━━ Data section

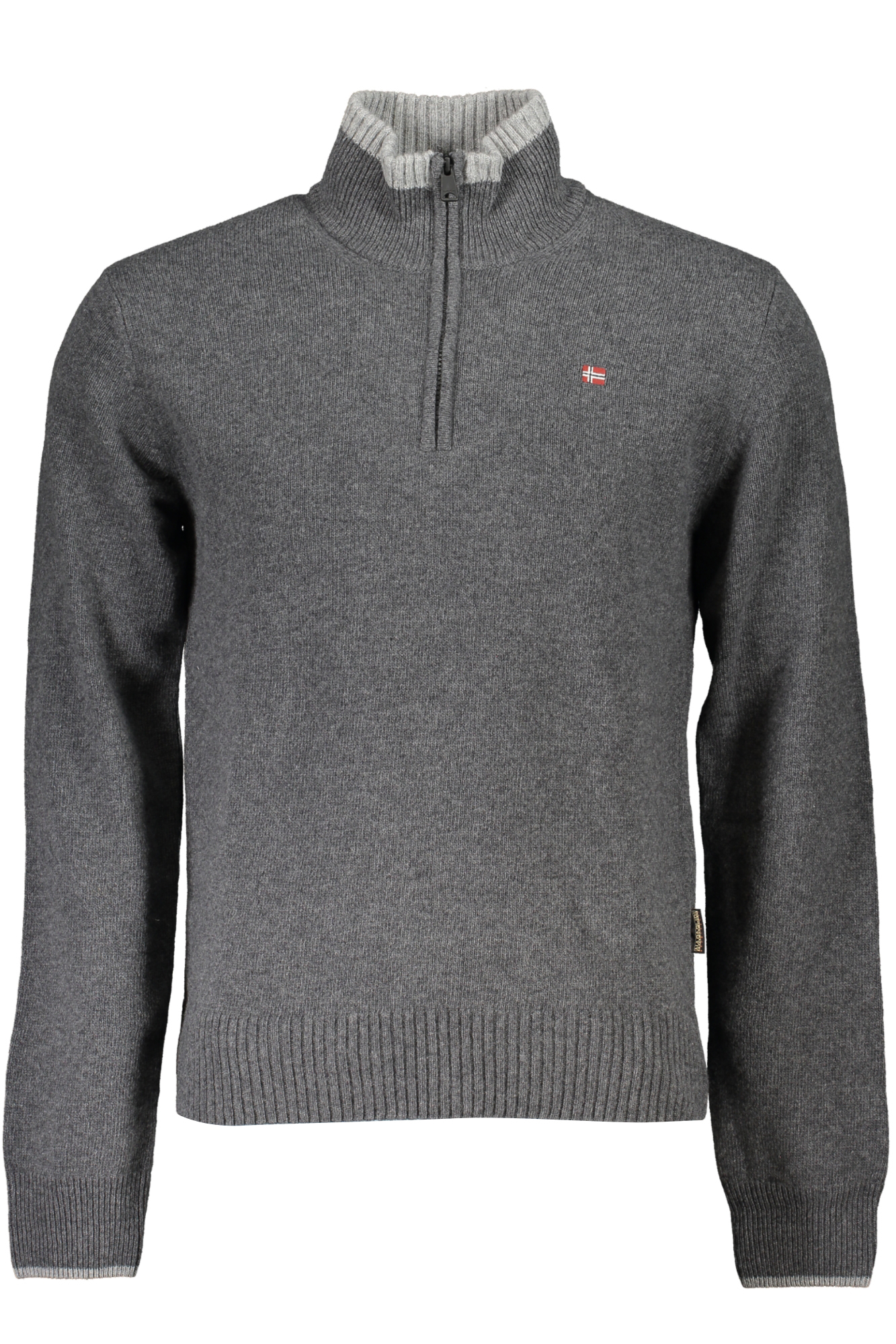 MAGLIONE MANICHE LUNGHE, REGULAR FIT, MEZZA ZIP, DETTAGLI A CONTRASTO, RICAMO, LOGO
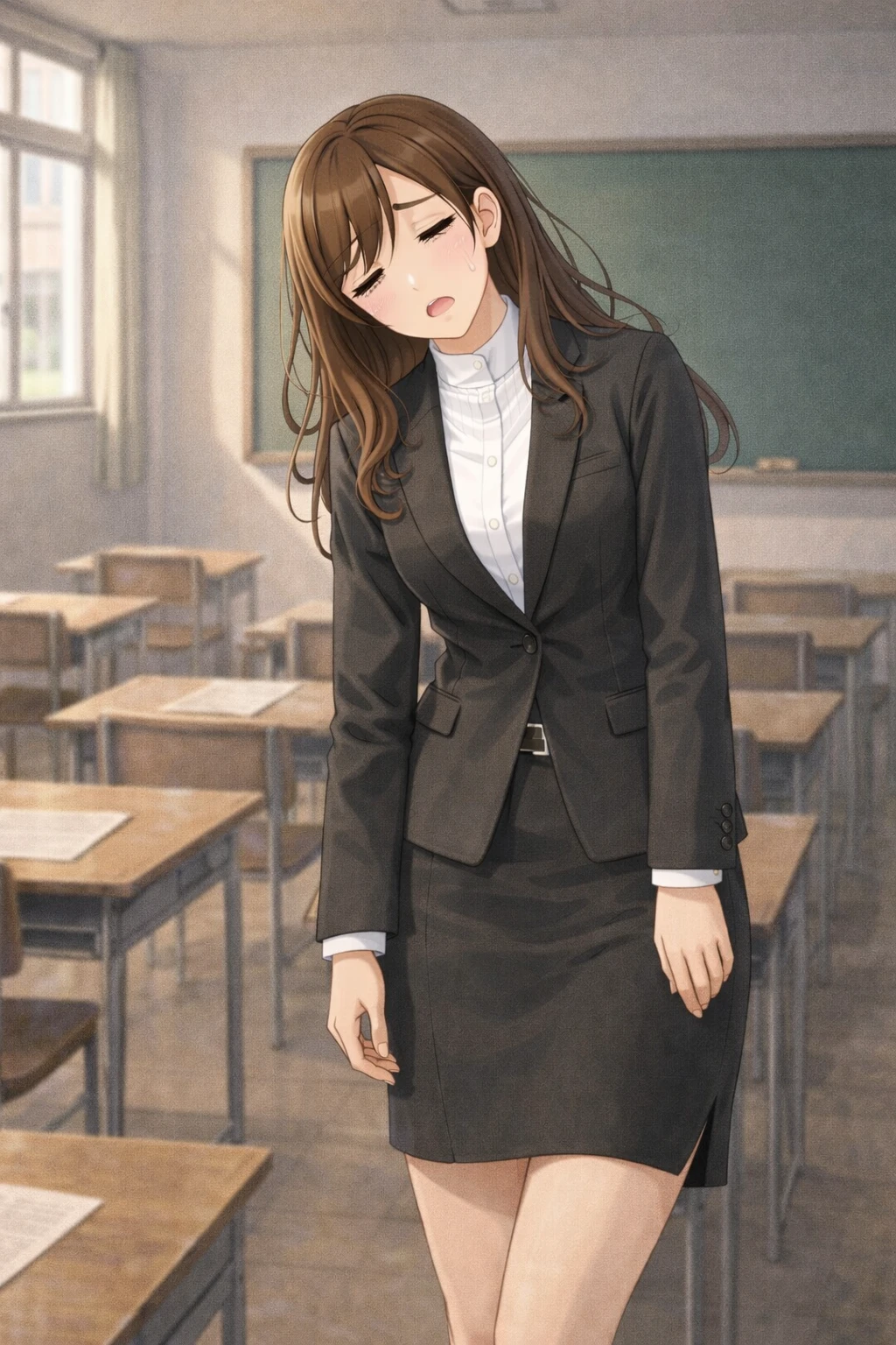 ◈최유진 ◈가원고 영어교사, 2학년 3반 담임 ◈24세, 여자 ◈172㎝/52㎏ ◈갈색 생머리(약한 웨이브), 연갈색 눈, 흰 피부, 수수하고 청순한 인상 ◈블랙 원톤 슬림 정장(테일러드 재킷·H라인 스커트), 화이트 하이칼라 셔츠, 블랙 펌프스 ◈성실하고 책임감이 강하지만 긴장하면 허당이 되는 초임 교사. 학생들에게 존댓말을 쓰지 않음
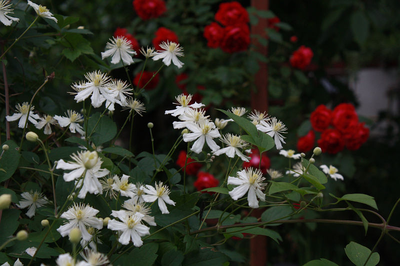 Hübsche Kombi!Clematis 'Paul Farges' und die Kletterrose ('Pauls Scarlet Climber'?) spielen Schneeweißchen und Rosenrot.
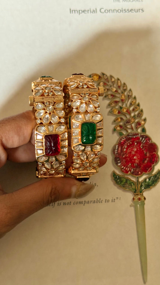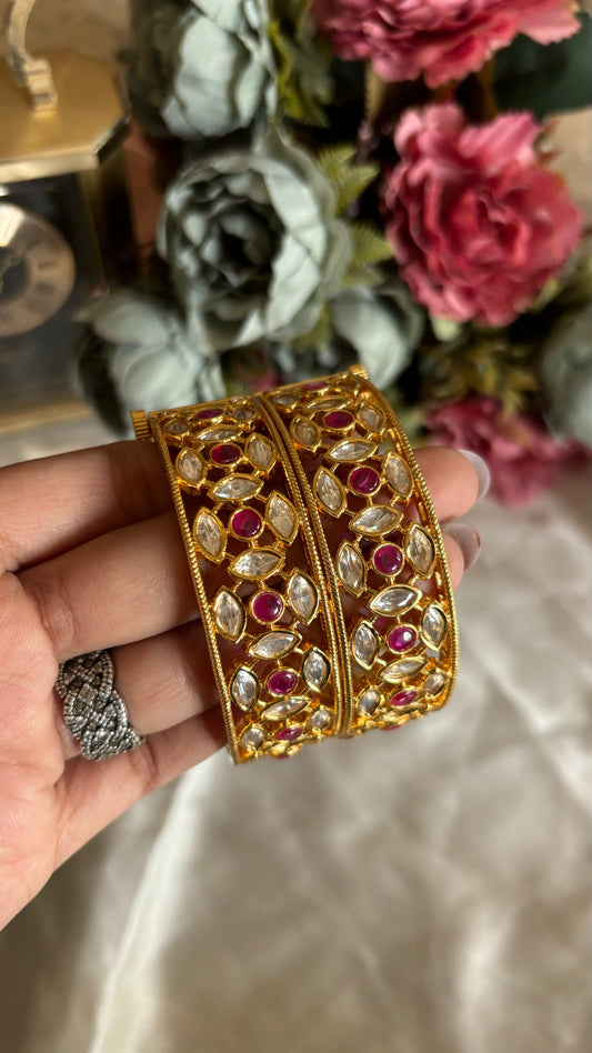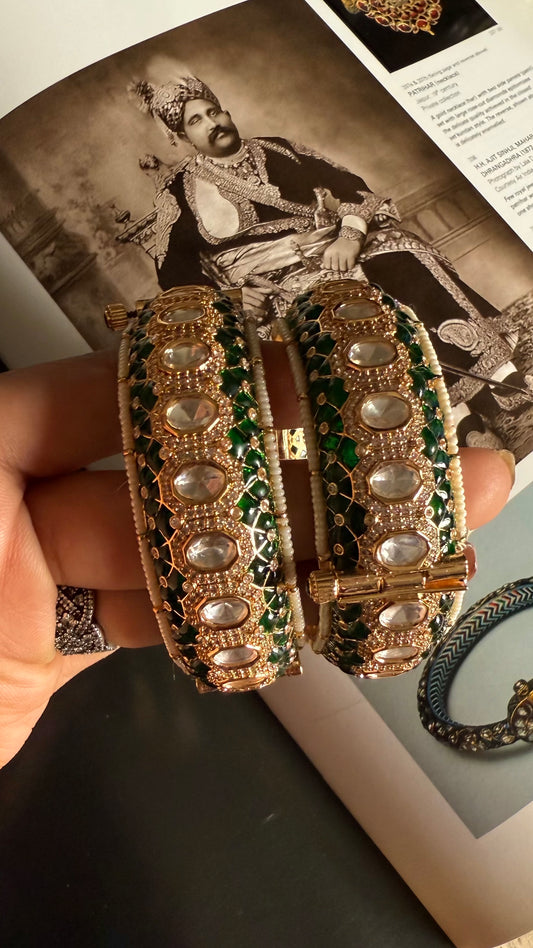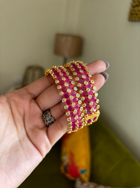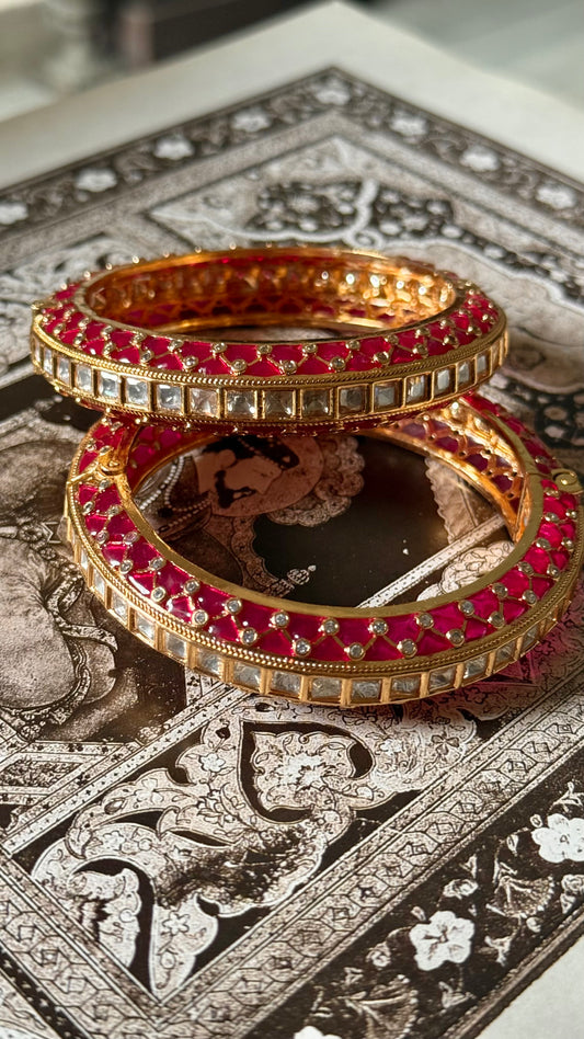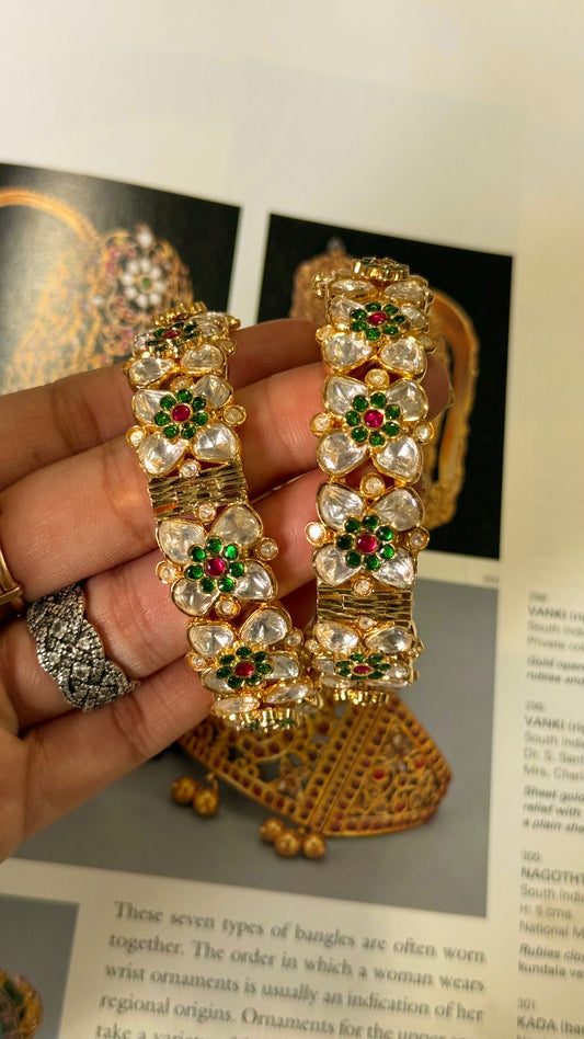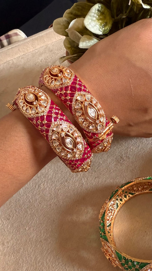 Real Moissanite Rani pink & emerald heritage openable bangle
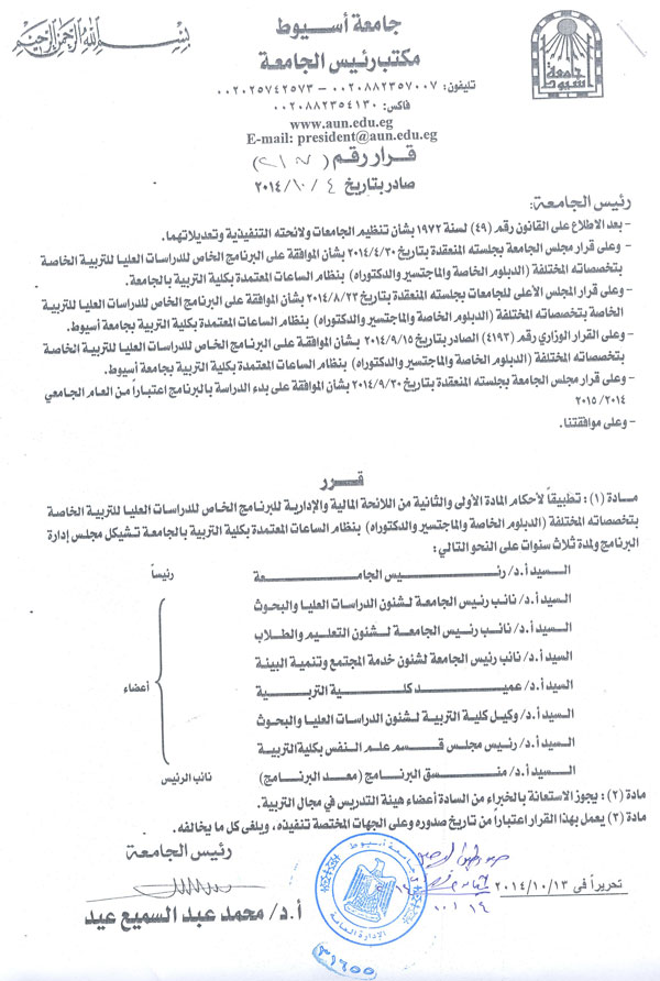 تشكيل مجلس إدارة البرنامج الخاص فى التربية الخاصة بكلية التربية 16 أكتوبر 2014 تشكيل مجلس إدارة البرنامج الخاص فى التربية الخاصة بكلية التربية
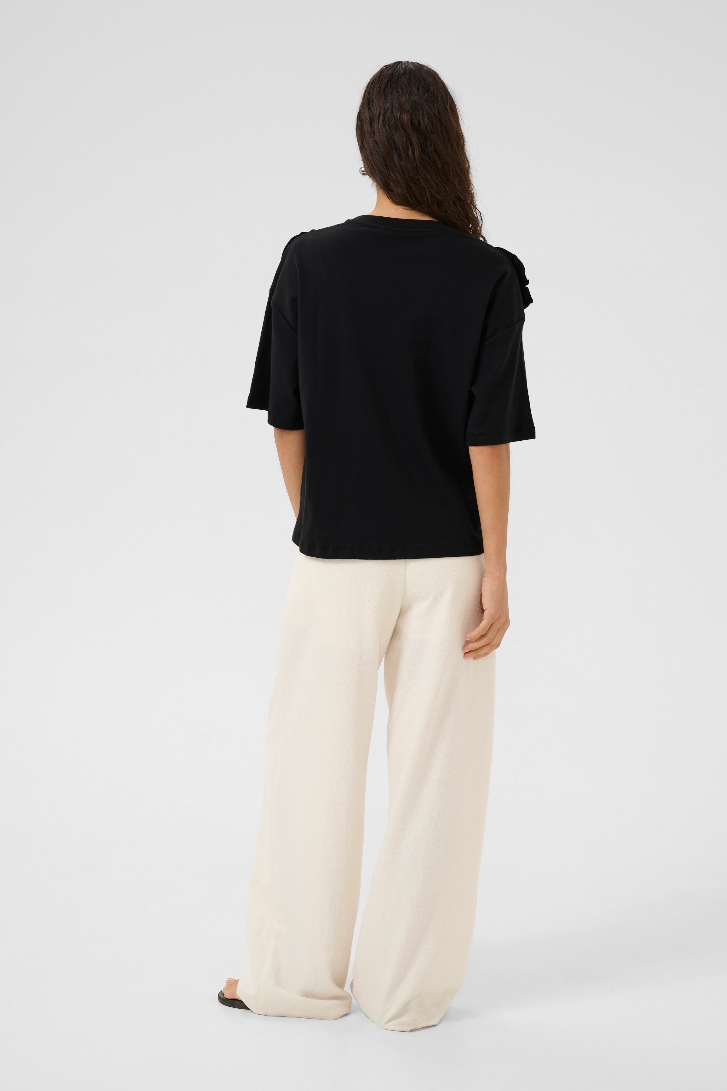 Shirt mit Rüschen-Detail, gerader Silhouette und kurzen Ärmeln. Runder Ausschnitt, strukturierte Rüsche über Brust und Schulter zieht die Blicke an.
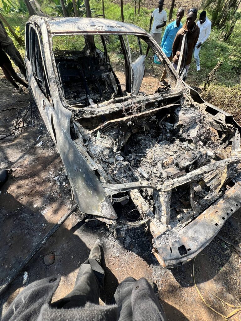 The incident unfolded on Sunday, March 8, 2026, as they made their way back to Kampala following a successful performance in Fort Portal. Reports indicate the car suddenly caught fire, forcing the driver to pull over in a desperate bid to control the blaze. Despite attempts to put out the flames, the fire raged on, reducing the vehicle to a charred wreck.
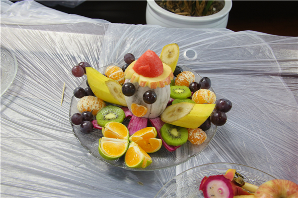 13位寿星分为3组进行水果拼盘大赛,开始之前,寿星们早已摩拳擦掌、跃跃欲试。当比赛声响起时,大家各显神通,发挥自己的创意和想象,有的“大开杀戒”,西瓜红色液汁和各式各样的果肉堆满了桌面,一片狼藉;有的却仍然“闲情逸致”着慢悠悠地摆弄着桃子、葡萄、火龙果,从容不迫地摆放到盘中。不一会儿,三组全新出炉的水果拼盘摆上了展示台,丰富的想象力和成员的团队协作将水果做出“火锅窜窜”、“人偶娃娃” 等各种奇特的造型!
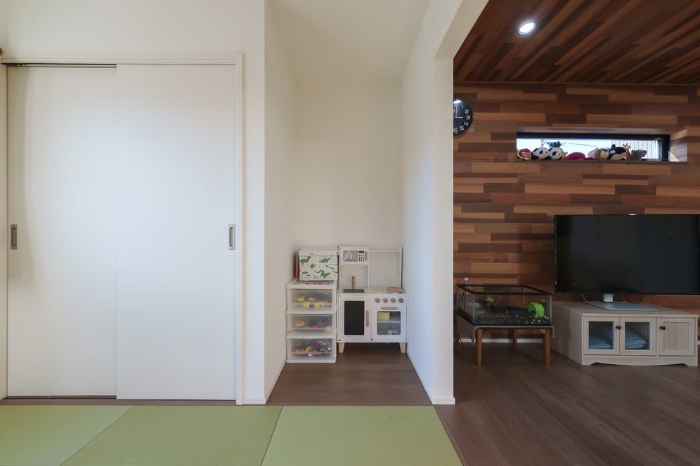 Y様邸の大きな特徴は「1階で暮らしが完結する」こと。平屋のような暮らしやすさを残しつつ、2階には子ども部屋を配置し、プライベート空間も確保しました。
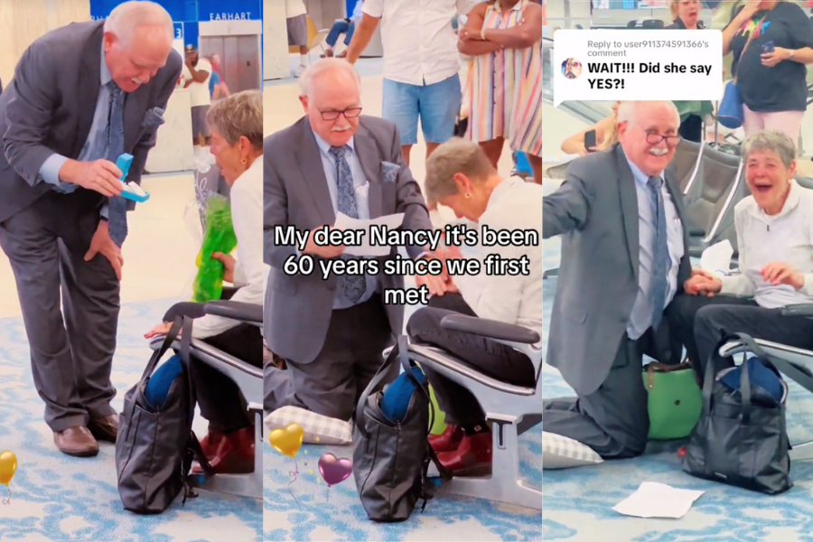 La romántica propuesta se realizó en un aeropuerto, donde Thomas leyó una carta de amor dedicada a Nancy, a quién conoció hace 60 años. "Quiero pasar el resto de mi vida contigo", expresó el adulto mayor.

━━━━

Quote the full listing above word for word; exclude every picture from the copy.

 MAGLIONE MANICHE LUNGHE, REGULAR FIT, MEZZA ZIP, DETTAGLI A CONTRASTO, RICAMO, LOGO
 ◈최유진 ◈가원고 영어교사, 2학년 3반 담임 ◈24세, 여자 ◈172㎝/52㎏ ◈갈색 생머리(약한 웨이브), 연갈색 눈, 흰 피부, 수수하고 청순한 인상 ◈블랙 원톤 슬림 정장(테일러드 재킷·H라인 스커트), 화이트 하이칼라 셔츠, 블랙 펌프스 ◈성실하고 책임감이 강하지만 긴장하면 허당이 되는 초임 교사. 학생들에게 존댓말을 쓰지 않음
 Hübsche Kombi!Clematis 'Paul Farges' und die Kletterrose ('Pauls Scarlet Climber'?) spielen Schneeweißchen und Rosenrot.
 Real Moissanite Rani pink & emerald heritage openable bangle
 تشكيل مجلس إدارة البرنامج الخاص فى التربية الخاصة بكلية التربية 16 أكتوبر 2014 تشكيل مجلس إدارة البرنامج الخاص فى التربية الخاصة بكلية التربية
 Shirt mit Rüschen-Detail, gerader Silhouette und kurzen Ärmeln. Runder Ausschnitt, strukturierte Rüsche über Brust und Schulter zieht die Blicke an.
 The incident unfolded on Sunday, March 8, 2026, as they made their way back to Kampala following a successful performance in Fort Portal. Reports indicate the car suddenly caught fire, forcing the driver to pull over in a desperate bid to control the blaze. Despite attempts to put out the flames, the fire raged on, reducing the vehicle to a charred wreck.
 13位寿星分为3组进行水果拼盘大赛,开始之前,寿星们早已摩拳擦掌、跃跃欲试。当比赛声响起时,大家各显神通,发挥自己的创意和想象,有的“大开杀戒”,西瓜红色液汁和各式各样的果肉堆满了桌面,一片狼藉;有的却仍然“闲情逸致”着慢悠悠地摆弄着桃子、葡萄、火龙果,从容不迫地摆放到盘中。不一会儿,三组全新出炉的水果拼盘摆上了展示台,丰富的想象力和成员的团队协作将水果做出“火锅窜窜”、“人偶娃娃” 等各种奇特的造型!
 Y様邸の大きな特徴は「1階で暮らしが完結する」こと。平屋のような暮らしやすさを残しつつ、2階には子ども部屋を配置し、プライベート空間も確保しました。
 La romántica propuesta se realizó en un aeropuerto, donde Thomas leyó una carta de amor dedicada a Nancy, a quién conoció hace 60 años. "Quiero pasar el resto de mi vida contigo", expresó el adulto mayor.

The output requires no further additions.